*** Opening Data extract ***
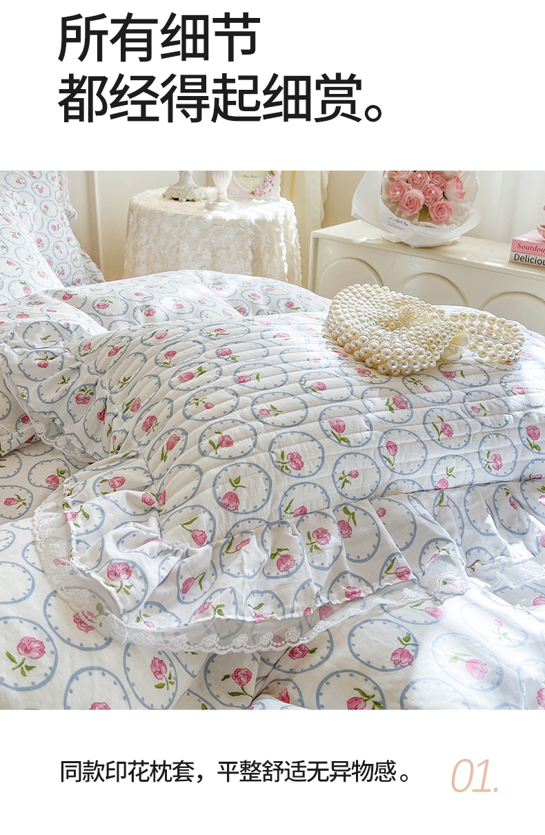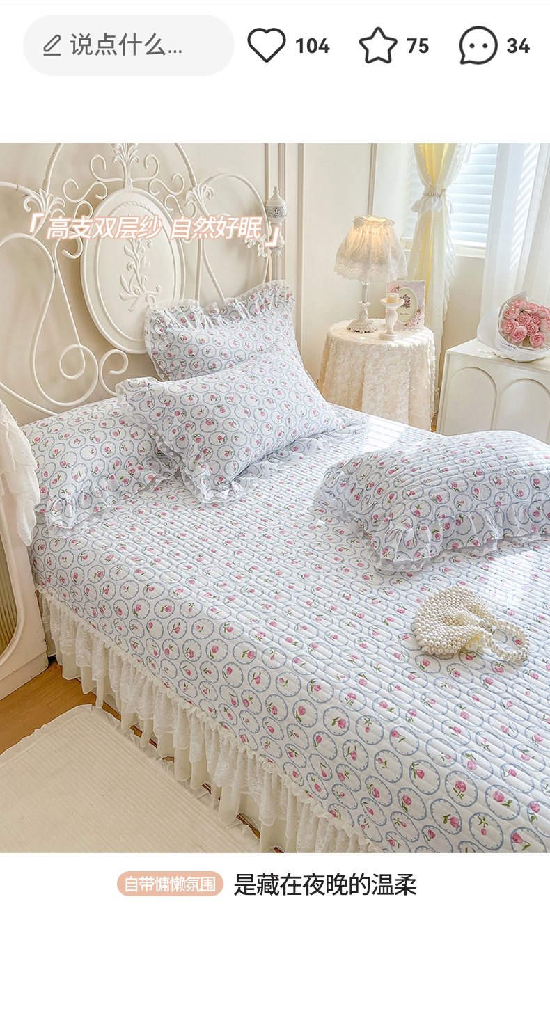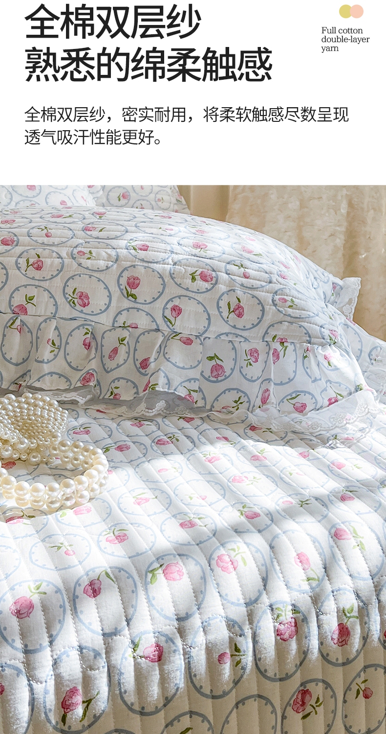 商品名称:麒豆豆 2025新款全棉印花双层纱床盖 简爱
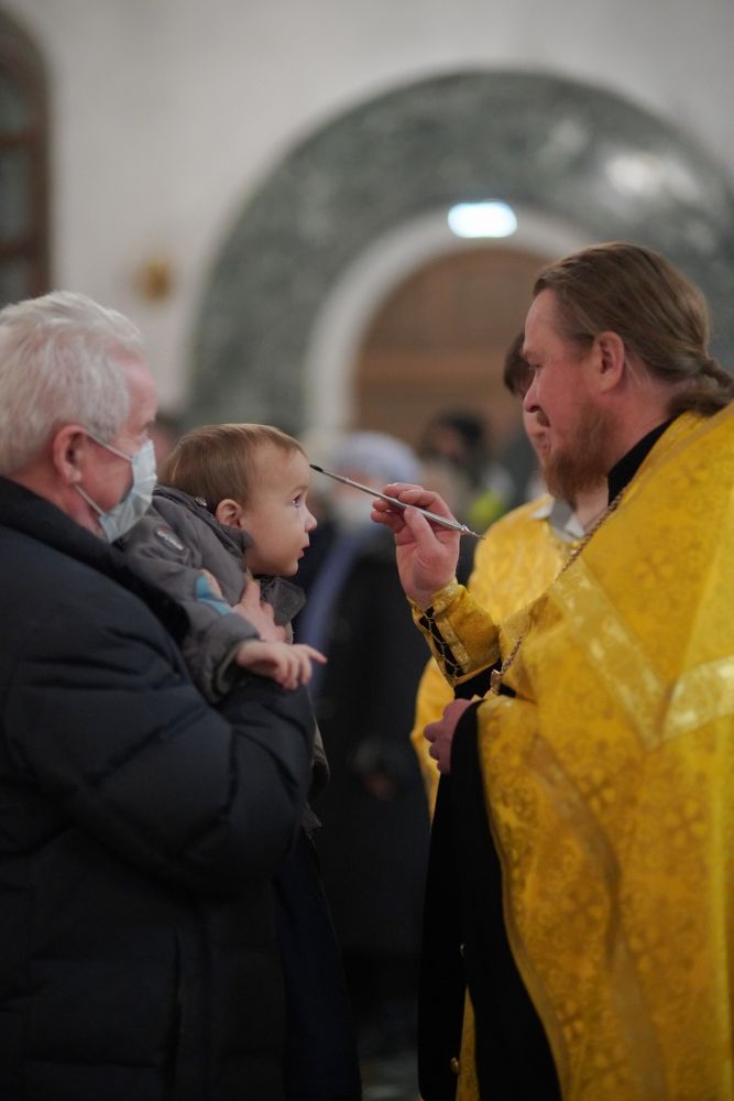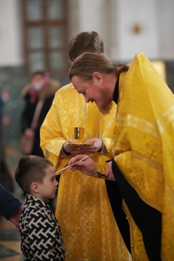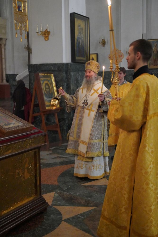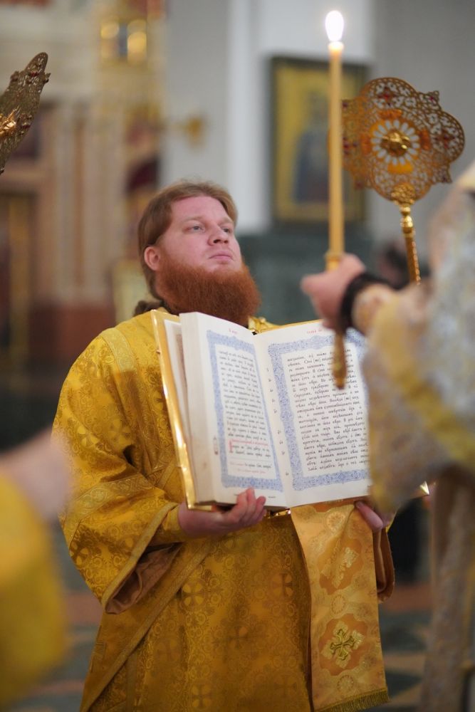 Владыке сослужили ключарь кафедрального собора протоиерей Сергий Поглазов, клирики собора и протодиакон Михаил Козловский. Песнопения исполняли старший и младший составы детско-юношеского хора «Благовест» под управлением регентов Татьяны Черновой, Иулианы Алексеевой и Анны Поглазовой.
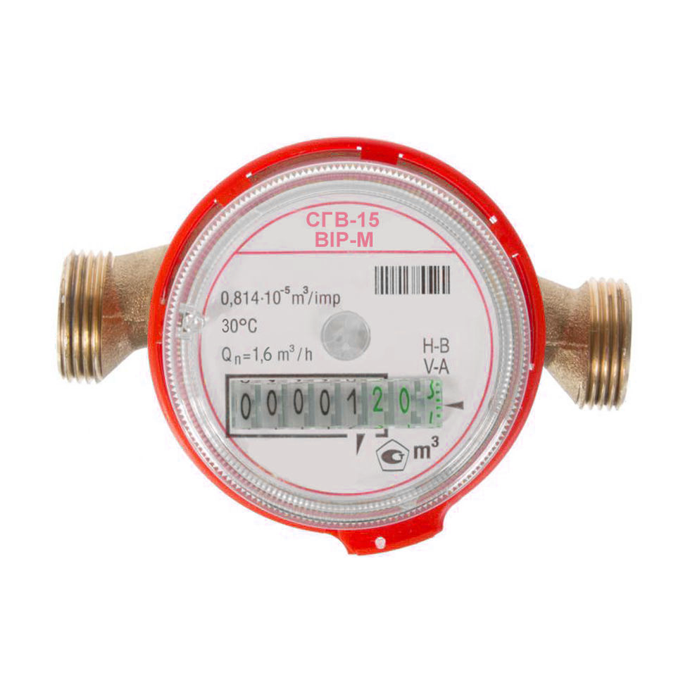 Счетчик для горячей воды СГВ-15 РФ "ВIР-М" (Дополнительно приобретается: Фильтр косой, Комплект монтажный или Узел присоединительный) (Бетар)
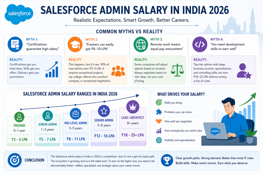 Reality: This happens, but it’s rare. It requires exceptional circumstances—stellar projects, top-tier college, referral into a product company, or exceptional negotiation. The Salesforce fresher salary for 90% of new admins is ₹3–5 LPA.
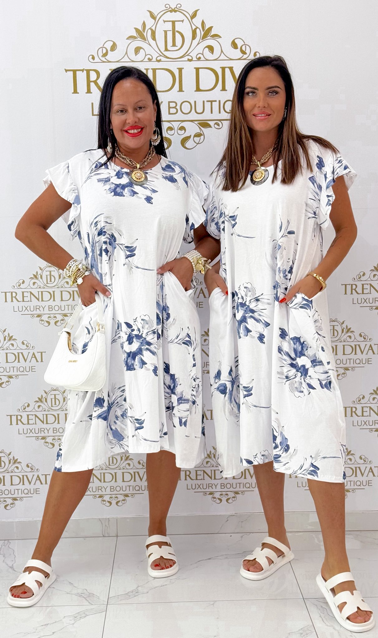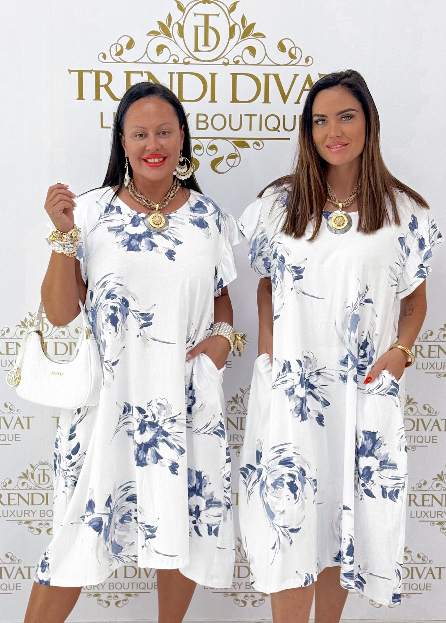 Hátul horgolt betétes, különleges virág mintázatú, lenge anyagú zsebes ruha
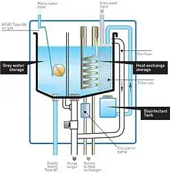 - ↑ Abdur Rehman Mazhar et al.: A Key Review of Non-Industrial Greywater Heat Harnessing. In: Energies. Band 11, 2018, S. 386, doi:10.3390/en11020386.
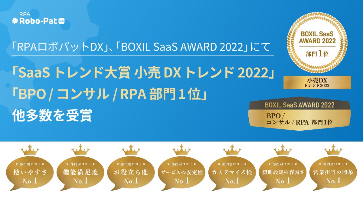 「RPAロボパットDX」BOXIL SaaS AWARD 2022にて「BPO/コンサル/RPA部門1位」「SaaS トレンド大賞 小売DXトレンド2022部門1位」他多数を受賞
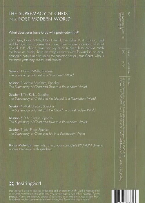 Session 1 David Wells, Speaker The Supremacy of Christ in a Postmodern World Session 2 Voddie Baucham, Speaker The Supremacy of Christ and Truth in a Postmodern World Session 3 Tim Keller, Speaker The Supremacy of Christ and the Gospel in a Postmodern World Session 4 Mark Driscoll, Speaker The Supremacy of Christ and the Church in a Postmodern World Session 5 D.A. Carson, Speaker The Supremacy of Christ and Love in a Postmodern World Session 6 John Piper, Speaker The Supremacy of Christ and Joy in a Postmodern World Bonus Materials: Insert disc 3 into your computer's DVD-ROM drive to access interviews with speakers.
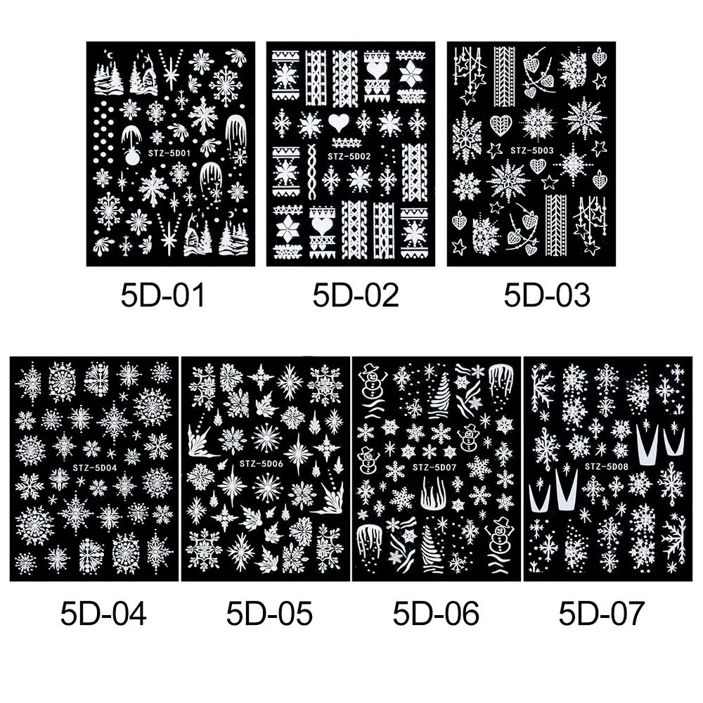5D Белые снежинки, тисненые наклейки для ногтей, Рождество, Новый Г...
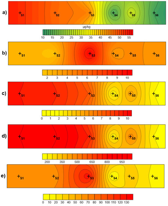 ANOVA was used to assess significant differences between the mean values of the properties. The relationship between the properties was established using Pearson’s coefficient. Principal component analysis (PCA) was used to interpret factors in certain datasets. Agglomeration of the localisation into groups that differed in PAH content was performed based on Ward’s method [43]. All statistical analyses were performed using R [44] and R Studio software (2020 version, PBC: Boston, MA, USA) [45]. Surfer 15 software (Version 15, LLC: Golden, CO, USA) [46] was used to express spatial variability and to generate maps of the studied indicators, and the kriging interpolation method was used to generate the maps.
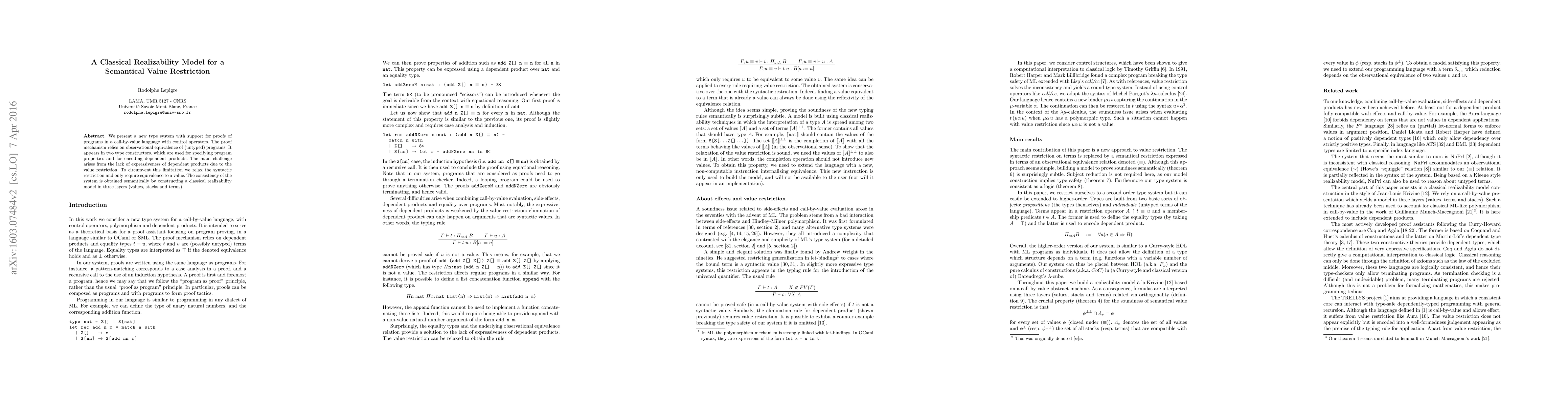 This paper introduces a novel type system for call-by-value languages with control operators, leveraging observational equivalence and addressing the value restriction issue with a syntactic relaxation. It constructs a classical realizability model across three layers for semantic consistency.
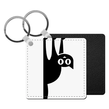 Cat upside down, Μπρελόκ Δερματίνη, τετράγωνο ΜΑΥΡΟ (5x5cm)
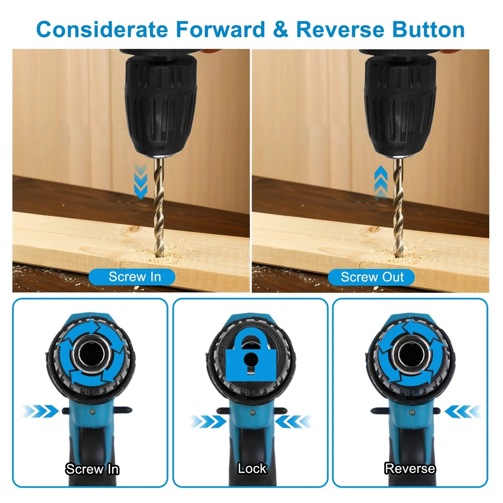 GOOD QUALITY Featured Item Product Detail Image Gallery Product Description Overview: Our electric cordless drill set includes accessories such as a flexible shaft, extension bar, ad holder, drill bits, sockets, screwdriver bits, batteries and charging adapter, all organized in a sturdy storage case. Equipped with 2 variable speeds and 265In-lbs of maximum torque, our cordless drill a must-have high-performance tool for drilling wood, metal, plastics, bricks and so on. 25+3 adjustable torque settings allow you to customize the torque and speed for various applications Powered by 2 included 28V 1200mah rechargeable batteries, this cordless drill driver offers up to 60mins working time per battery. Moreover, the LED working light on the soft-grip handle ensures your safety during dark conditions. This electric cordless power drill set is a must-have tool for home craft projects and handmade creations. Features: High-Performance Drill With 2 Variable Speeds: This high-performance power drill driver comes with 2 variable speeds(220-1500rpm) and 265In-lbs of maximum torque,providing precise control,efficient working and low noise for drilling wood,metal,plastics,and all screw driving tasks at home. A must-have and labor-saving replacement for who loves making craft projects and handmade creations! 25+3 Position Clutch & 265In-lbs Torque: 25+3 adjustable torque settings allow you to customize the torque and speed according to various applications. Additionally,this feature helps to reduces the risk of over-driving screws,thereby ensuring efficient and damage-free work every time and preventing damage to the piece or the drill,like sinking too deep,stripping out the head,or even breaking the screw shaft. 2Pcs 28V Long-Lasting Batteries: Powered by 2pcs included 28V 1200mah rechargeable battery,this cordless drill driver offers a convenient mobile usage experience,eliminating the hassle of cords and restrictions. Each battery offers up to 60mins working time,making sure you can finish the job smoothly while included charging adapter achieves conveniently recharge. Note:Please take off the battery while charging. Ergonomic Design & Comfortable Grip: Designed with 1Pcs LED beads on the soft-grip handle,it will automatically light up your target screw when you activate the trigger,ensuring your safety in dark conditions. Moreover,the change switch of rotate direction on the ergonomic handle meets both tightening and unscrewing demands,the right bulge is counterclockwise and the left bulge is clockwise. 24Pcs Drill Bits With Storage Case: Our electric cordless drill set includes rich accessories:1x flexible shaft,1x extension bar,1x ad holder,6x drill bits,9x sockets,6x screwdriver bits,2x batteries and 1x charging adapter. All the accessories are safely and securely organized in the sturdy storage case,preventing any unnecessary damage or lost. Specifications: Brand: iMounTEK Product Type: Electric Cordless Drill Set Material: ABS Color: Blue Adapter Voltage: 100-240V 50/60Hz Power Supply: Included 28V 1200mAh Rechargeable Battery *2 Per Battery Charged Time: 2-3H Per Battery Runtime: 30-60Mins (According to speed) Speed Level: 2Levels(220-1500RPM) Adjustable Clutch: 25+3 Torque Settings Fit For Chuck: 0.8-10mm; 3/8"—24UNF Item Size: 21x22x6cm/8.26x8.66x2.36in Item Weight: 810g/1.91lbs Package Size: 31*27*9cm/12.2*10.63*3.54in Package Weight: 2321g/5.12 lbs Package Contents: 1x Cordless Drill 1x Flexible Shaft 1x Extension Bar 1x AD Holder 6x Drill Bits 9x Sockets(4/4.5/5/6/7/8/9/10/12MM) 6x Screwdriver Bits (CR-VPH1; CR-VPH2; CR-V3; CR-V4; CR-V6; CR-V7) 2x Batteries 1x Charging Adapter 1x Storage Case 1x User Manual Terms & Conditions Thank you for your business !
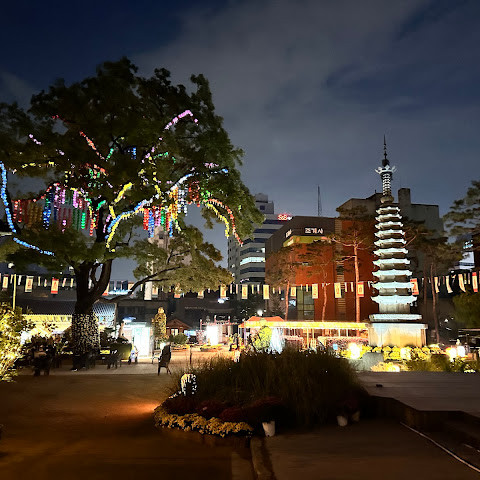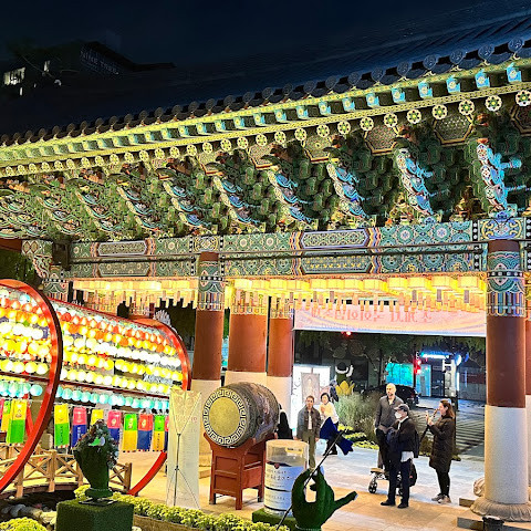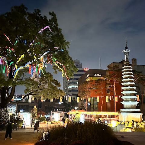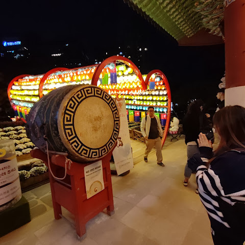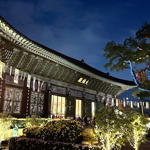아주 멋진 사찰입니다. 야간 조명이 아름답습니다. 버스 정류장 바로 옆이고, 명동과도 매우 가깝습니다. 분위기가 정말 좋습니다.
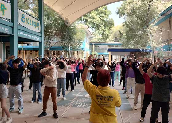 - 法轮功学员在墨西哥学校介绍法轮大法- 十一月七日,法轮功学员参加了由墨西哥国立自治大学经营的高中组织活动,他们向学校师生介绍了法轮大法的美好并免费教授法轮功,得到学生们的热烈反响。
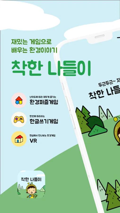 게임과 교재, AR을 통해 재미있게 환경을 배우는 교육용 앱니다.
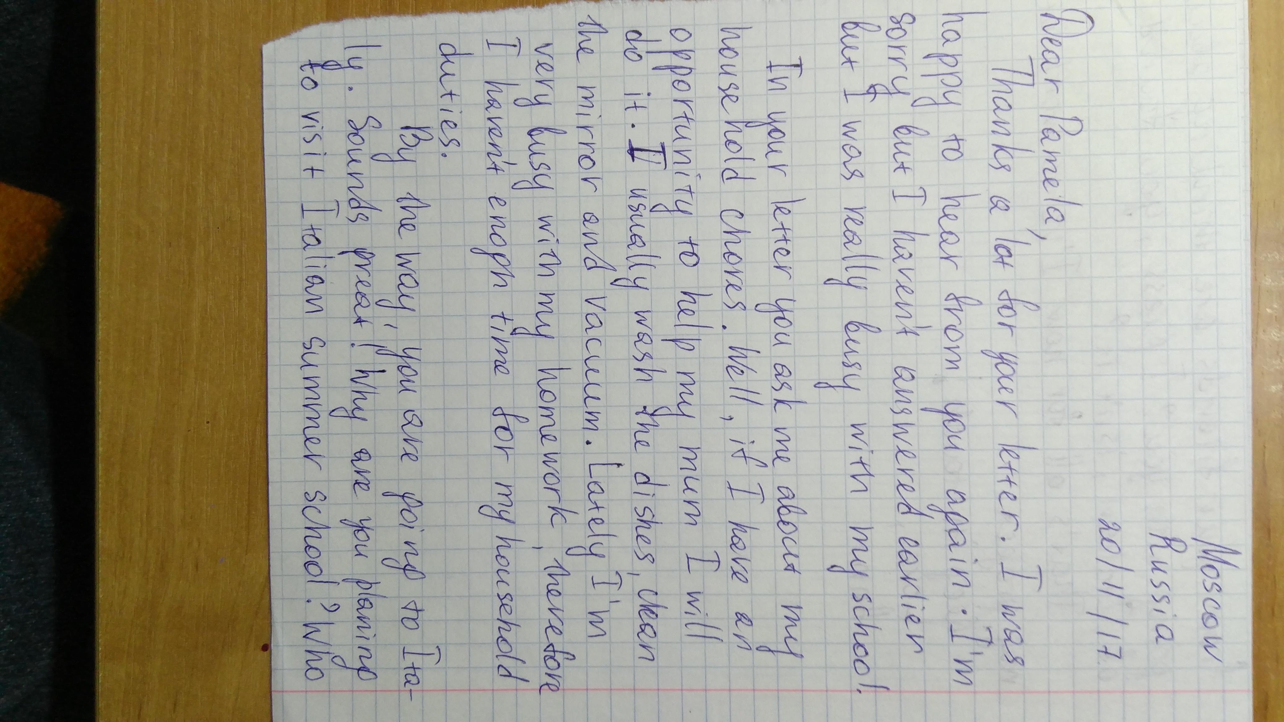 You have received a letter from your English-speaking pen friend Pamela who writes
*** Closing Data extract ***
- _What you need to do_
Reproduce only the lines running from the beginning of the entries above to the line holding "Hátul horgolt betétes, különleges", inclusive. Pictures stay out of the copy.

- _Output_
 商品名称:麒豆豆 2025新款全棉印花双层纱床盖 简爱
 Владыке сослужили ключарь кафедрального собора протоиерей Сергий Поглазов, клирики собора и протодиакон Михаил Козловский. Песнопения исполняли старший и младший составы детско-юношеского хора «Благовест» под управлением регентов Татьяны Черновой, Иулианы Алексеевой и Анны Поглазовой.
 Счетчик для горячей воды СГВ-15 РФ "ВIР-М" (Дополнительно приобретается: Фильтр косой, Комплект монтажный или Узел присоединительный) (Бетар)
 Reality: This happens, but it’s rare. It requires exceptional circumstances—stellar projects, top-tier college, referral into a product company, or exceptional negotiation. The Salesforce fresher salary for 90% of new admins is ₹3–5 LPA.
 Hátul horgolt betétes, különleges virág mintázatú, lenge anyagú zsebes ruha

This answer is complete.